I genuinely believe that part of F1’s growth in the U.S. is that the races are on first thing in the morning on a Sunday. There are no other sports on, and most people haven’t started their planned activities for the day yet.

I’m sure die-hard fans watch the last race now, but the casual fan is probably more inclined to skip out on the race because they have middle-of-the-day plans (likely watching football). The sport needs new eyeballs, and nobody who isn’t already a fan is going out of their way to watch IndyCar while the most popular live TV programming in America is on.

Have the finale in Argentina, market the heck out of it so people know it’s happening, and start it before football. Viewership would increase.

Jacob

MP: Depending on where you live in the U.S., like the East Coast, yes, F1 races are on first thing in the morning. If you’re on the West Coast, those races often start at ungodly hours, so it’s not a convenient-starting-time thing. It’s a F1-is-just-super-popular thing.

If you consider how F1 and NASCAR, which are much bigger than IndyCar and can survive going head-to-head with football without suffering damage to their TV ratings, are also racing into October and November, and IMSA goes to the middle of October with its Petit Le Mans finale, I’m not sure there are a lot of weekends that jump out as super free and uncluttered for IndyCar to make a big impression.
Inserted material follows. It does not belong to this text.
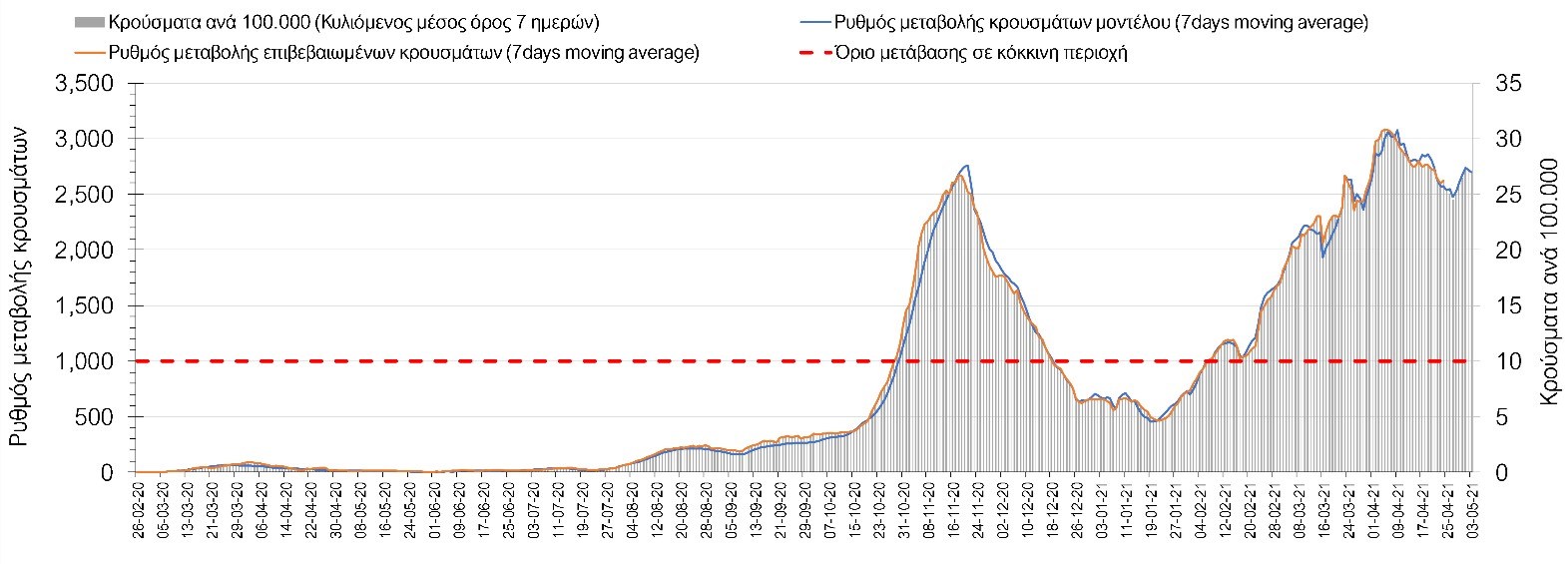 Σχήμα 5. Πορεία του ημερησίου αριθμού των κρουσμάτων (κυλιόμενος μέσος όρος 7 ημερών) στην Αττική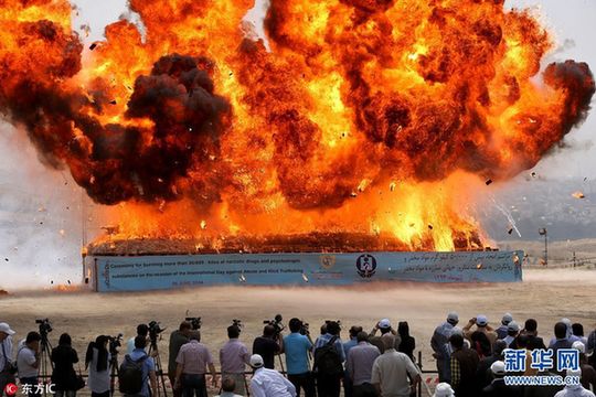 当地时间2014年6月26日,伊朗德黑兰,伊朗为纪念国际禁毒日销毁50吨毒品。(图片来源: 东方IC)

It’s not just the specter of going up against the NFL; it’s all the other big-time racing series, which are in the home stretch of their championships, that I’d expect to command a lot more attention than a non-points, counts-for-nothing exhibition race being held anywhere on the planet. (OK, IndyCar at Bathurst would be epic).

But overall, sure, you could run the race early and hope to catch some viewers, but if we’re talking about something that really makes a large TV impression, I’m struggling to see how Argentina or wherever else the post-season non-points race might be located, would be a ratings winner. I’d love for it to happen, but don’t know how it would.
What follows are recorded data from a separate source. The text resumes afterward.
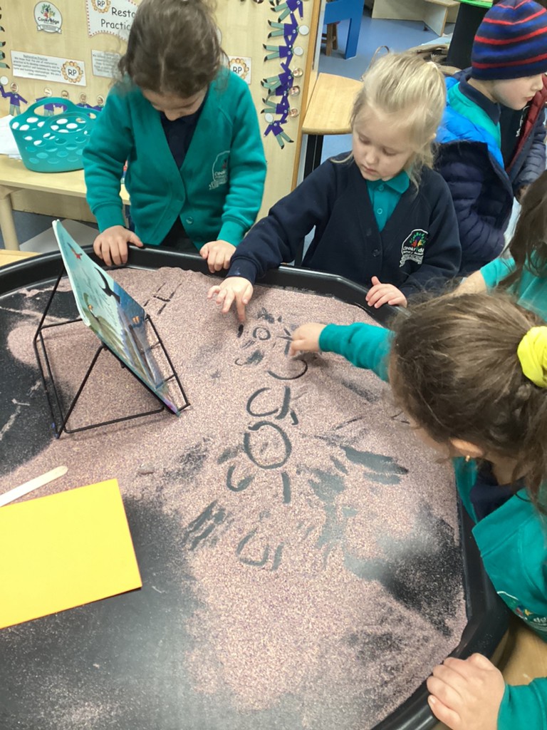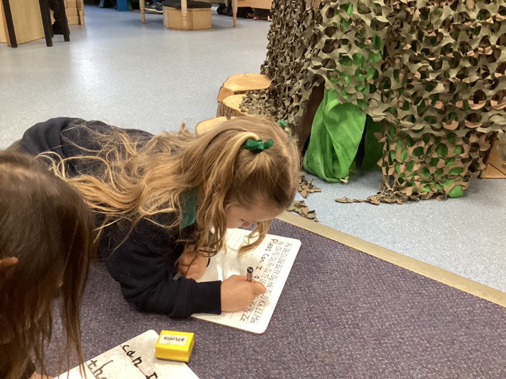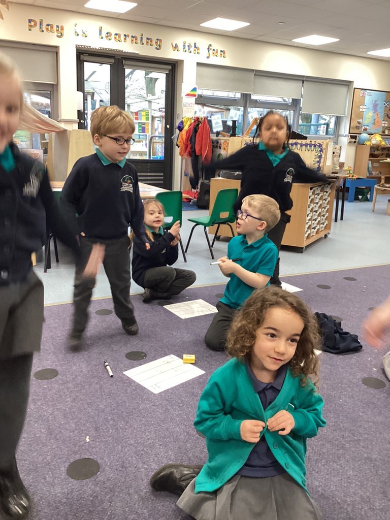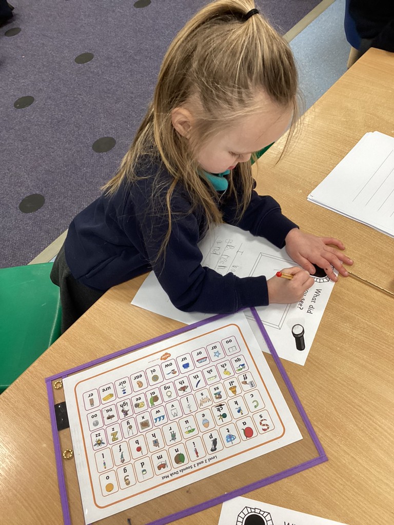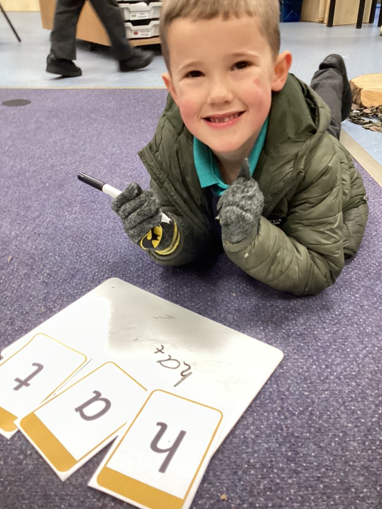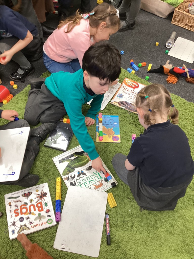Our phonics work has introduced the long vowel sounds ‘ai’ ‘ee’ and ‘igh’ and given the children opportunities to explore hearing, reading and writing this sounds in words and sentences. Playing a snail-themed phonics board game was a lot of fun, as was going outside on a word hunt!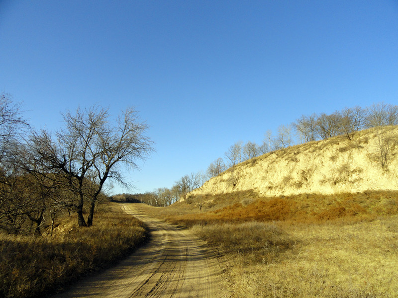 碧云天,黄叶地。秋色蔓延的秦直道,确有几分“千嶂里,长烟落日孤城闭”的寂寥。静谧的夕阳散开一圈圈光晕,黑色的枝桠脱去了绿色的外袍,光秃秃的表面似在聆听行者的低语。风舞黄沙,枯草凄凉,两条车辙印默默地倾轧在或高或低的坡上,为离人传递两地的相思,几番惆怅,几番愁。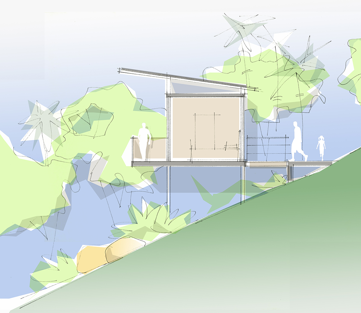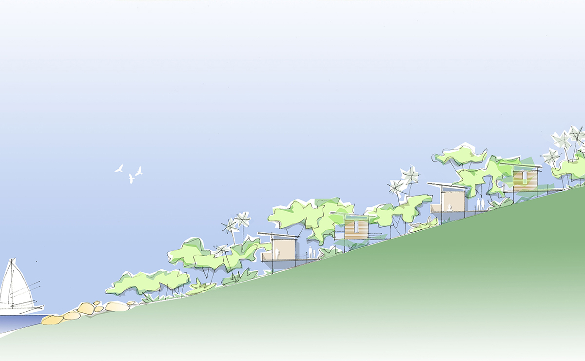 Todas as edificações foram implantadas integrando-se ao relevo e a natureza exuberante da ilha. A principal premissa é a de não interferir diretamente no terreno, respeitando a natureza de todas as formas possíveis, tanto nas edificações quanto nos percursos de conexão entre os vários pavilhões e bangalôs.
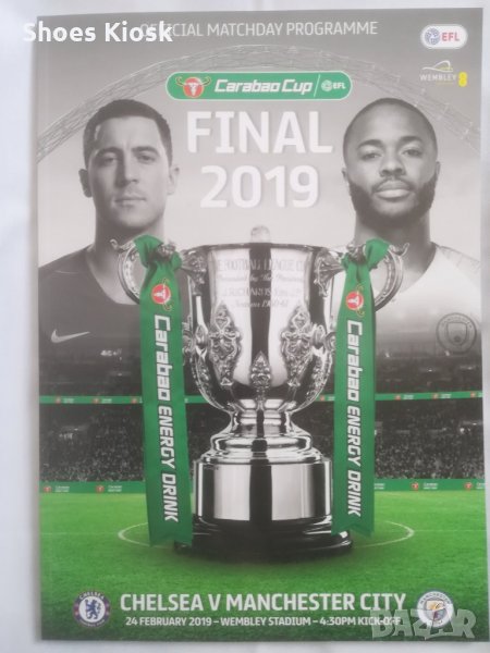 Manchester City - Chelsea , Carabao Cup Final 2019 , игран на 24.02.2019 , Wembley Stadium , London , краен резултат 0:0 Манчестър Сити печели трофея с 4-3 след изпълнение на дузпи! Това е финалът в който вратарят на Челси - Кепа Аризабалага отказа на треньорите да напусне терена за сметка на резервния вратар Уили Кабалеро !Втора поредна спечелена EFL Carabao Cup за Пеп Гуардиола с Манчестър Сити ! Цена 15.00 Euro за една програма.

You can get one big open-wheeler around Bathurst. But if you tried to have an IndyCar race there, you’d probably lose half the field in a pile-up at The Dipper on the first lap. It’d still be epic, though. Motorsport Images

Q: F1 is now hosting five races in North America, and if that one in Chicago goes ahead it’ll be six. Do you think this is enough for it to plan its F2 NA series? Something not aimed at rookies like F2; more like an IndyCar competitor. They’d have way more exposure with those five or six weekends than IndyCar gets with the 500.

If that were to happen, how many teams you think would switch from IndyCar to that F1-managed series?

Also, is it possible for a manufacturer like McLaren to buy engines from Chevy and make a McLaren-Chevy GTP, as it happens with their F1 and IndyCar program, or do IMSA/WEC rules require them to make a deal with a manufacturer that is not in the grid yet?

William Mazeo

MP: At the insane prices F1 charges, I can’t see how North American fans could support all five at the same high level without a COTA or Miami or Las Vegas suffering (Canada and Mexico will be fine), so adding Chicago would certainly dilute one or more of the other venues. If that happens, would F1 and its teams have to pay the negatively affected circuit an anti-dilution fee? (Sorry, too soon?)

CHRIS MEDLAND: I’m not sure about this one, William, because if it’s not the headline race on a schedule it doesn’t get anywhere near the amount of exposure that the main grand prix gets.

I do think it would be cool to have a North American F2 championship — but run to FIA F2 rules with the same car — that would allow strong Super License points and provide opportunities to more drivers from this region. Not that I see a Chicago race being added anytime soon, but even with the three U.S. races and Montreal and Mexico, there’s scope for 10 races if you follow F2’s current format.

Aside from the cost though, the biggest hurdle might be getting Las Vegas to allow support races, as those would mean shutting the streets down for even longer than they already do.